** Assigned task **
Quote the listing in full, exactly as given, minus any pictures.

** Entries shown **
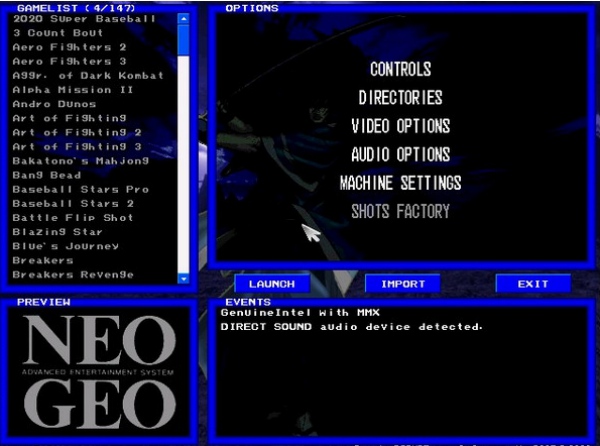 软件内置对NeoGeo系统的高兼容性,支持运行大量经典街机游戏ROM。
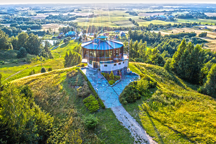Piąty etap naszej wycieczki rozpoczniemy w Węgorzewie, miasteczku należącym do krainy Wielkich Jezior Mazurskich, połączonym z jeziorem Mamry i Kanałem Węgorzewskim. W Węgorzewie znajduje się port jachtowy i przystań pasażerska. Można tutaj zwiedzić zabytkowy zamek krzyżacki z XIV w., Muzeum Tradycji Kolejnictwa, Muzeum Kultury Ludowej z niewielkim skansenem oraz kościół św. Piotra i Pawła z najstarszymi na Mazurach organami. Za Węgorzewem szlak wkracza w krainę rzeki Węgorapy która charakteryzuje się niemal zupełnym brakiem jezior, a w krajobrazie dominują rozległe pola i lasy oraz niewielkie mazurskie miejscowości. To królestwo bocianów, żurawi i bobrów. Trasa jest lekko pofałdowana i prowadzi dawnym torowiskiem kolejowym. Za wsią Banie Mazurskie wjeżdżamy do krainy Mazur Garbatych, zwanych także Dzikimi Mazurami. Krajobraz tego obszaru został ukształtowany przez lodowiec, stąd tak charakterystyczne wzgórza morenowe, wśród których leżą jeziora. Na tym odcinku występują liczne podjazdy i zjazdy, na co należy przygotować się kondycyjnie. Szlak wiedzie głównie wydzielonymi drogami gruntowymi. Dzisiejszy etap zakończymy przy Centrum Sportowo – Rekreacyjnym Piękna Góra, położonym 3 kilometry od centrum Goldapi. To klimatyczne miejsce położone u stóp Gołdapskiej Góry. Znajduje się tutaj obrotowa restauracja i wyciąg krzesełkowy (zimą dzialają także wyciągi narciarskie). Można wziąć udział w Bezkrwawym Safari w parku dzikich zwierząt, popłynąć gondolą po okolicznych stawach lub wjechać rowerem po torze saneczkowym na szczyt góry, skąd roztacza się rozległa panorama Puszczy Rominckiej i okolicznych Szeskich Wzgórz.
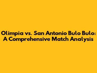 Hey guys! Get ready for a deep dive into the upcoming match between Olimpia and San Antonio Bulo Bulo. We're going to break down everything you need to know, from team histories and player stats to potential game strategies. This isn't just a simple preview; we're giving you the ultimate lowdown to get you prepped for an awesome match. Let's get started, shall we?
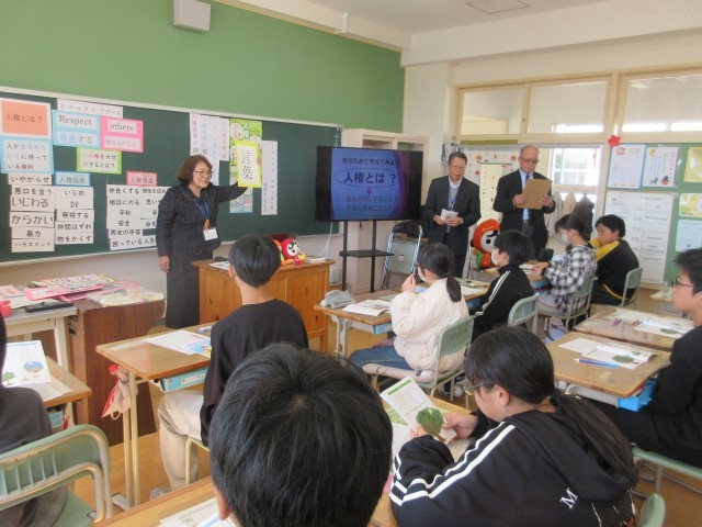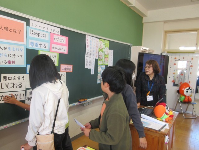 10月23日(木)に、人権擁護委員の皆様にお出でいただいて、人権教室を行いました。「人権とは?」という問いについて子どもたちは、「生まれながらに持っている権利」「自由に選択できること」など、これまでに学んだことをもとに一生懸命考えていました。人権教室の中で、「Respect others」(他者を尊重する)という考え方を学びました。当たり前のことのようですが、自分自身の生活に置き換えて考えてみると、「できていなかったかも…」と、改めてその大切さに気づくことができました。授業の終わりにもう一度「人権って?」という問いについて考えると、「相手の個性を認めること」「自分を大切にすること」「否定しないこと」などという考えが聞かれ、子どもたちの学びの広がりや深まりが伺えました。これからの自分の生活や人との関わりの中で、さらに「Respect others」について考えていけたらと思います。
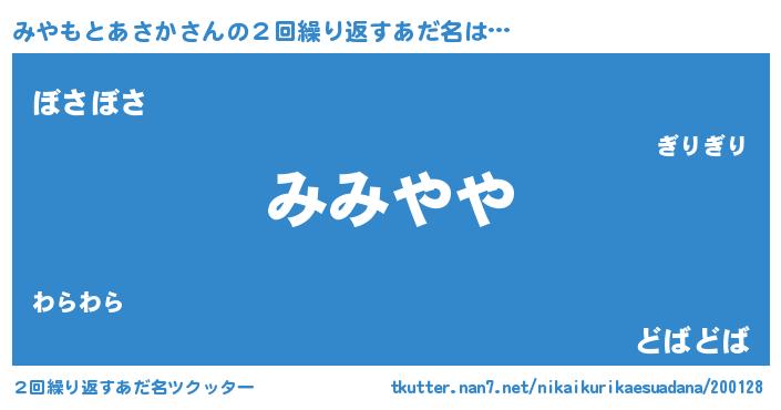 | 意味不明あだ名 | 『みやもとあさかフォーエバー』 |
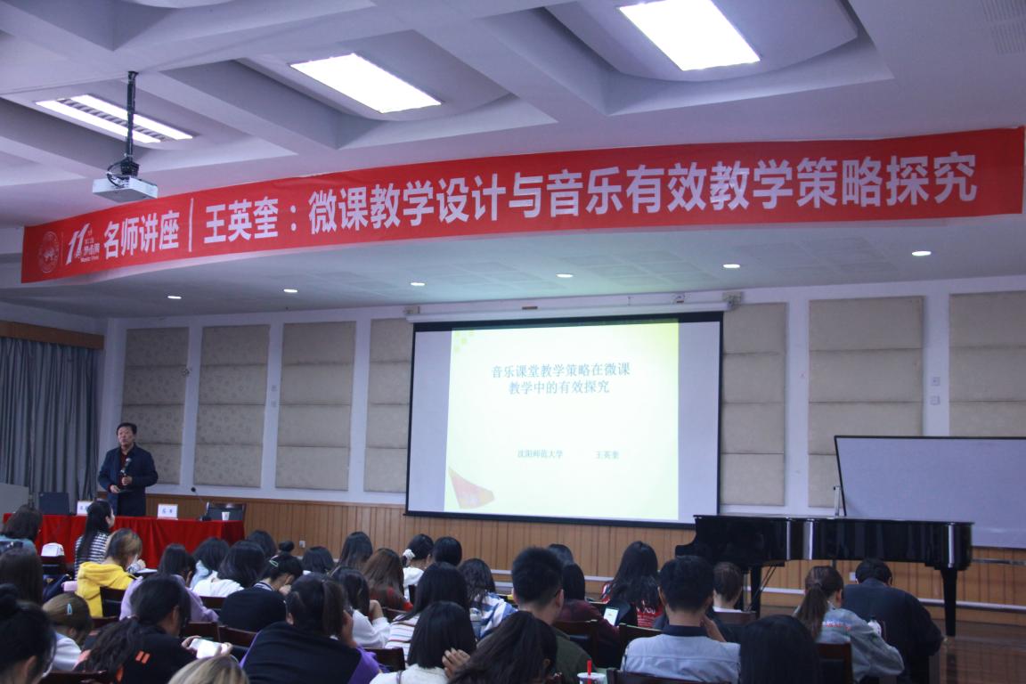 作为师范专业的学生,教学设计是我们必不可少的一项技能。而“微课教学”更是教学设计中的精华。为了让同学们对“微课教学”课题设计有一个具体、形象的了解,11月4日,沈阳师范大学王英奎老师的名师讲座“微课教学设计与音乐有效教学策略探究”于201报告厅展开。
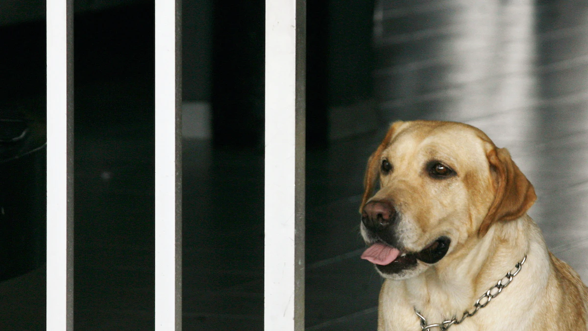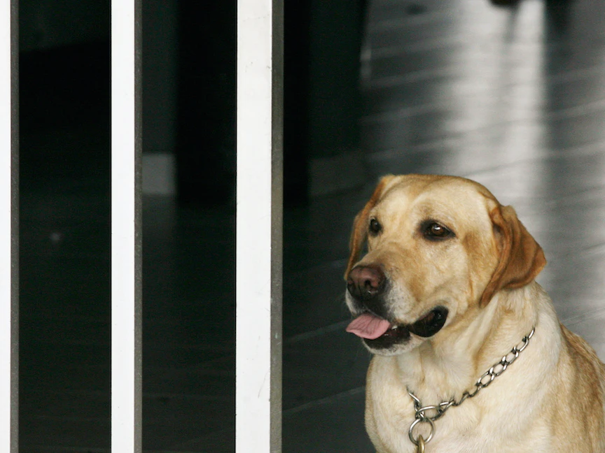 كلب الشرطة الكولومبي أجاتا، لابرادور الذهبي، تنتظر بدء عملها اليومي في مطار فاسكيز كوبو في ليتيسيا- 18 يناير 2007. - REUTERS

** Answer for this exercise **
 软件内置对NeoGeo系统的高兼容性,支持运行大量经典街机游戏ROM。
Piąty etap naszej wycieczki rozpoczniemy w Węgorzewie, miasteczku należącym do krainy Wielkich Jezior Mazurskich, połączonym z jeziorem Mamry i Kanałem Węgorzewskim. W Węgorzewie znajduje się port jachtowy i przystań pasażerska. Można tutaj zwiedzić zabytkowy zamek krzyżacki z XIV w., Muzeum Tradycji Kolejnictwa, Muzeum Kultury Ludowej z niewielkim skansenem oraz kościół św. Piotra i Pawła z najstarszymi na Mazurach organami. Za Węgorzewem szlak wkracza w krainę rzeki Węgorapy która charakteryzuje się niemal zupełnym brakiem jezior, a w krajobrazie dominują rozległe pola i lasy oraz niewielkie mazurskie miejscowości. To królestwo bocianów, żurawi i bobrów. Trasa jest lekko pofałdowana i prowadzi dawnym torowiskiem kolejowym. Za wsią Banie Mazurskie wjeżdżamy do krainy Mazur Garbatych, zwanych także Dzikimi Mazurami. Krajobraz tego obszaru został ukształtowany przez lodowiec, stąd tak charakterystyczne wzgórza morenowe, wśród których leżą jeziora. Na tym odcinku występują liczne podjazdy i zjazdy, na co należy przygotować się kondycyjnie. Szlak wiedzie głównie wydzielonymi drogami gruntowymi. Dzisiejszy etap zakończymy przy Centrum Sportowo – Rekreacyjnym Piękna Góra, położonym 3 kilometry od centrum Goldapi. To klimatyczne miejsce położone u stóp Gołdapskiej Góry. Znajduje się tutaj obrotowa restauracja i wyciąg krzesełkowy (zimą dzialają także wyciągi narciarskie). Można wziąć udział w Bezkrwawym Safari w parku dzikich zwierząt, popłynąć gondolą po okolicznych stawach lub wjechać rowerem po torze saneczkowym na szczyt góry, skąd roztacza się rozległa panorama Puszczy Rominckiej i okolicznych Szeskich Wzgórz.
 Hey guys! Get ready for a deep dive into the upcoming match between Olimpia and San Antonio Bulo Bulo. We're going to break down everything you need to know, from team histories and player stats to potential game strategies. This isn't just a simple preview; we're giving you the ultimate lowdown to get you prepped for an awesome match. Let's get started, shall we?
 10月23日(木)に、人権擁護委員の皆様にお出でいただいて、人権教室を行いました。「人権とは?」という問いについて子どもたちは、「生まれながらに持っている権利」「自由に選択できること」など、これまでに学んだことをもとに一生懸命考えていました。人権教室の中で、「Respect others」(他者を尊重する)という考え方を学びました。当たり前のことのようですが、自分自身の生活に置き換えて考えてみると、「できていなかったかも…」と、改めてその大切さに気づくことができました。授業の終わりにもう一度「人権って?」という問いについて考えると、「相手の個性を認めること」「自分を大切にすること」「否定しないこと」などという考えが聞かれ、子どもたちの学びの広がりや深まりが伺えました。これからの自分の生活や人との関わりの中で、さらに「Respect others」について考えていけたらと思います。
 | 意味不明あだ名 | 『みやもとあさかフォーエバー』 |
 作为师范专业的学生,教学设计是我们必不可少的一项技能。而“微课教学”更是教学设计中的精华。为了让同学们对“微课教学”课题设计有一个具体、形象的了解,11月4日,沈阳师范大学王英奎老师的名师讲座“微课教学设计与音乐有效教学策略探究”于201报告厅展开。
 كلب الشرطة الكولومبي أجاتا، لابرادور الذهبي، تنتظر بدء عملها اليومي في مطار فاسكيز كوبو في ليتيسيا- 18 يناير 2007. - REUTERS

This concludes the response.